■ **AVAILABLE DATA**:
• • • • • • •

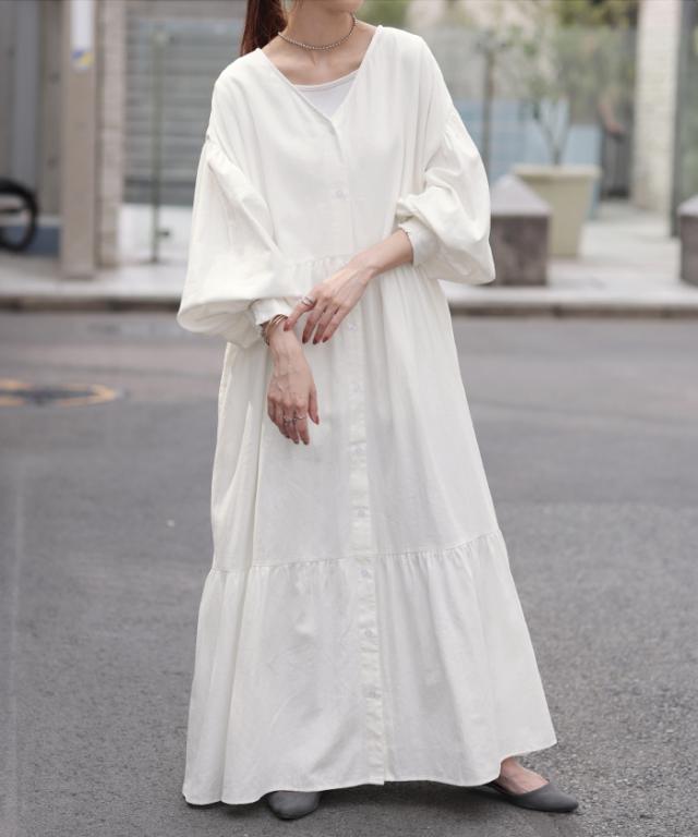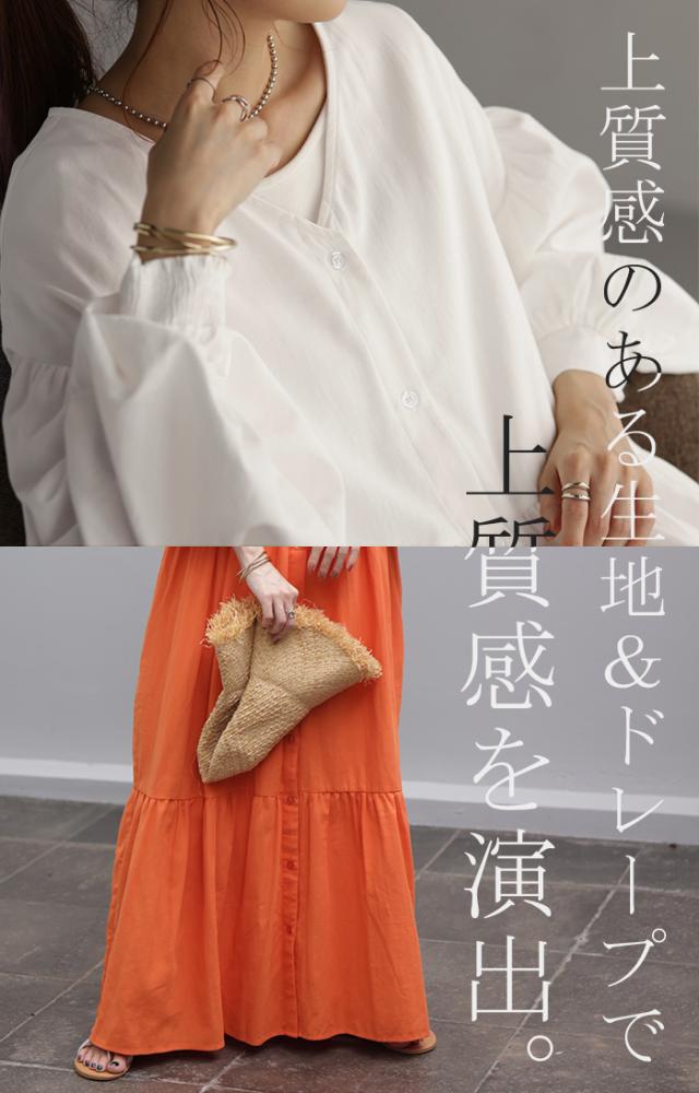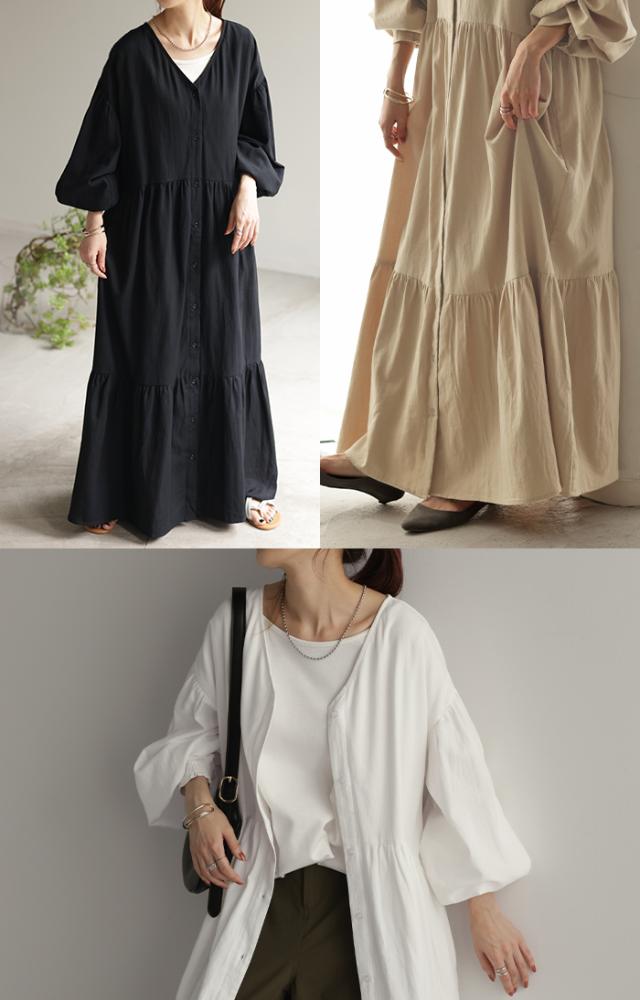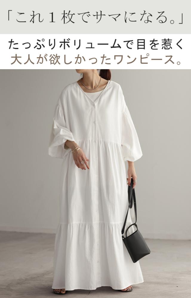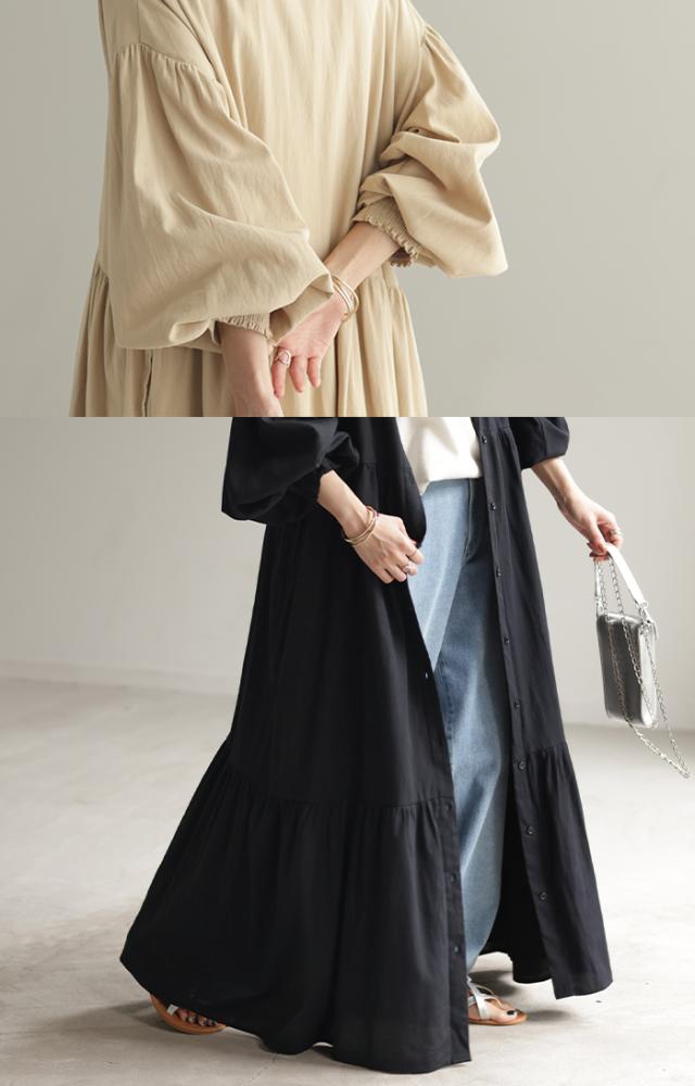 品のある程よい落ち感と、ふんわり感が大人っぽいティアードシャツワンピースです。
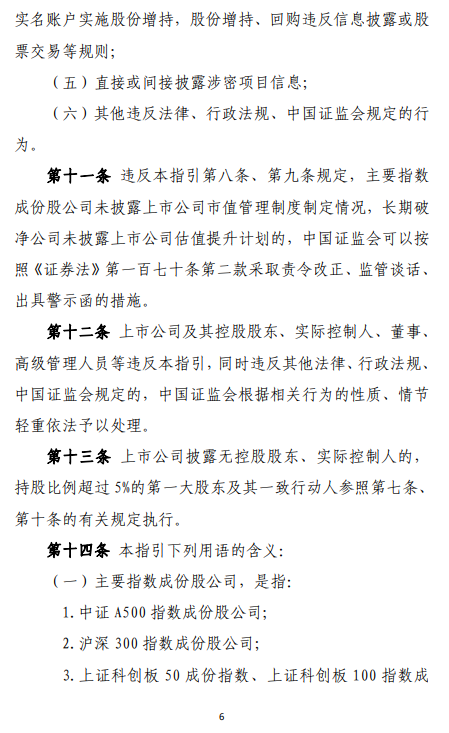 《指引》要求上市公司以提高公司质量为基础,提升经营效率和盈利能力,并结合实际情况依法合规运用并购重组、股权激励、员工持股计划、现金分红、投资者关系管理、信息披露、股份回购等方式,推动上市公司投资价值合理反映上市公司质量。《指引》明确了上市公司董事会、董事和高级管理人员等相关方的责任,并对主要指数成份股公司制定市值管理制度、长期破净公司披露估值提升计划等作出专门要求。同时,《指引》明确禁止上市公司以市值管理为名实施违法违规行为。 前期,证监会就《指引》向社会公开征求意见。从反馈情况看,各方总体认可《指引》,并结合实践提出了宝贵的意见和建议,涉及董事和高管人员职责、主要指数成份股公司范围、市值管理制度的披露要求、估值提升计划的执行情况等,经逐条研究,与《指引》条文有关的主要意见已采纳。后续,证监会将进一步加强政策解读,做好《指引》实施相关工作。
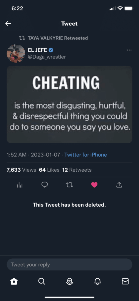 Tessa Blanchard’s husband, Daga, sent out a meme with a very interesting message. While he didn’t call his wife out for cheating, the message of the text graphic was pretty clear.

• • • • • • •

■ **WORK TO COMPLETE**:
Return the listing above verbatim and exclude every picture.

■ **WORKED SOLUTION**:
 品のある程よい落ち感と、ふんわり感が大人っぽいティアードシャツワンピースです。
 《指引》要求上市公司以提高公司质量为基础,提升经营效率和盈利能力,并结合实际情况依法合规运用并购重组、股权激励、员工持股计划、现金分红、投资者关系管理、信息披露、股份回购等方式,推动上市公司投资价值合理反映上市公司质量。《指引》明确了上市公司董事会、董事和高级管理人员等相关方的责任,并对主要指数成份股公司制定市值管理制度、长期破净公司披露估值提升计划等作出专门要求。同时,《指引》明确禁止上市公司以市值管理为名实施违法违规行为。 前期,证监会就《指引》向社会公开征求意见。从反馈情况看,各方总体认可《指引》,并结合实践提出了宝贵的意见和建议,涉及董事和高管人员职责、主要指数成份股公司范围、市值管理制度的披露要求、估值提升计划的执行情况等,经逐条研究,与《指引》条文有关的主要意见已采纳。后续,证监会将进一步加强政策解读,做好《指引》实施相关工作。
 Tessa Blanchard’s husband, Daga, sent out a meme with a very interesting message. While he didn’t call his wife out for cheating, the message of the text graphic was pretty clear.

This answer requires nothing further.